Investors in the troubled Dolphin Trust scheme are facing further delays for their payments as the company has commissioned a review into restructuring the business.
Dolphin Trust, now named German Property Group, wrote to investors on December 12 telling them they would not receive any payments on maturities for the next six months while the review is underway, after which payments would be made on the advice of the reviewers.
This comes after investors were already facing delays to maturity and interest payments on their investments for months last year, as the company blamed the conditions of the German property market for the delays.
The Dolphin Trust, renamed German Property Group in April 2019, is an investment scheme focused on redeveloping German listed buildings into luxury apartments, and had promised UK investors double-digit returns on their investments.

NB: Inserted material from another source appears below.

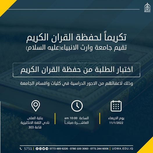 وذلك يوم الاربعاء الموافق 4-1-2023 في تمام العاشرة صباحاً على قاعة العلا في مبنى الجامعة.

But the company has been beset with problems as investors, many of whom gained access through self-invested personal pensions, saw the maturity date of their investments pass without payment.
In his latest letter to investors Charles Smethurst, chief executive of GPG, said the company had called in German restructuring specialists CFE to review the business after facing "difficult market conditions".
He wrote: "We appointed CFE due to difficult market conditions we have faced, we feel we needed to have the assistance of a specialised company to assist us in the restructuring process and to ensure all we do is fully validated for the interests of our investors."
He added the review would take up to six months to complete and would entail a "review of all the projects, the valuations, any delays currently in place and fully review the business structure."
At the end a full report will be sent to all pension companies.
Mr Smethurst added: "There will be no payments made on maturities during the review period, the reason for this is to ensure all clients are treated fairly and reasonably in receiving funds as advised by CFE."
Chris Bryans, who runs advice firm Richmond Wealth as well as a claims management service and is representing investors in the scheme, said he felt discouraged by the news.
He said: "I'll be pretty surprised if anyone sees any money out of this and the pension trustees who allowed this investment have a lot of questions to answer in my view."